Utah women participated in a national study released today that showed one particular surgery for "stress urinary incontinence" is better than another at keeping women dry. But this option also leads to negative side effects, including urinary tract infections and difficulty urinating.
Stress incontinence affects up to 50 percent of women, according to some estimates, though it is bothersome only to about 15 percent of women. Incontinence can have negative emotional consequences - women may give up activities like exercise, and they can suffer from low self-esteem.
"People who are perfectly healthy but coughed at a party and had a huge spurt of urine all over their white pants, [the interference in their quality of life] is just as bad as someone with chronic kidney failure," said Peggy Norton, one of the study's authors and an associate professor of obstetric and gynecology at the University of Utah.
Utah was one of nine study sites that compared two common surgeries for the most prevalent form of incontinence.
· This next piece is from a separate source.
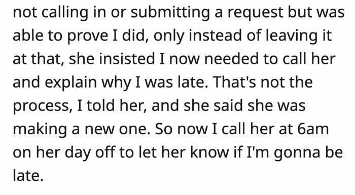 During a meeting, despite OP’s insistence that they had adhered to protocol, the micromanager introduced a new rule mandating that OP now call her personally to explain tardiness. Consequently, even on her days off, OP is now obliged to call the manager at 6AM when running late.

Both surgeries aim to add support to pinch off the urethra.
One inserts a sling made of a woman's own tissue; the other, the Burch procdure, attaches sutures to underlying ligaments.
The women were randomly assigned to have one of the two surgeries, and neither they nor the surgeons knew which surgery they would be getting beforehand.
Two years after the surgery, women were more satisfied with the sling, which also showed less leakage.
The findings are significant because the study, funded by the National Institutes of Health, is the largest and most rigorous U.S. trial comparing the two surgeries, according to the NIH.
The study will be published in the New England Journal of Medicine this week, and Norton is presenting the findings to the American Urological Association in California today.
"Every woman needs information so that she can make a decision, along with her surgeon, about will it improve my quality of life . . . and what might the risks be to me? Having numbers about what happens to other folks really does help in the counseling," said Norton, who performs surgeries on incontinent women.
Beverly Beasley had the sling surgery 15 years ago after suffering from stress incontinence for most of her life. "I'm a ski instructor and it was not helpful. You jump up - and boom," said the 59-year-old Sandy woman.
She wasn't part of the study, but she confirmed the sling is effective. "I can do anything. I can jump on trampolines. I can do jumping jacks. It keeps me active, and I'm old."
Stress incontinence is most common among women in their 40s and 50s. Women who have given birth are at a higher risk of incontinence. Being overweight is also a risk factor.
The problem is weak pelvic floor or urethral sphincter muscles.
"It's like somebody just dropped a 30-pound weight on your bladder," Norton said.
The surgeon would rather patients avoid surgery. Prevention methods could include Caesarean sections in women who are at higher risk of incontinence, she said. Other treatments include exercises to strengthen the pelvic floor, changing fluid intake and losing weight.
About 250,000 women seek surgery for incontinence each year. The Burch and sling surgeries are two of the most common, though mesh synthetic slings are taking over in popularity because they offer faster recovery times and fewer complications.
Norton is currently helping study the mesh slings, noting that the other studies to date have been funded by mesh manufacturers. She is also involved in a study of Utah women to learn if incontinence runs in families, with the goal of eventually preventing it.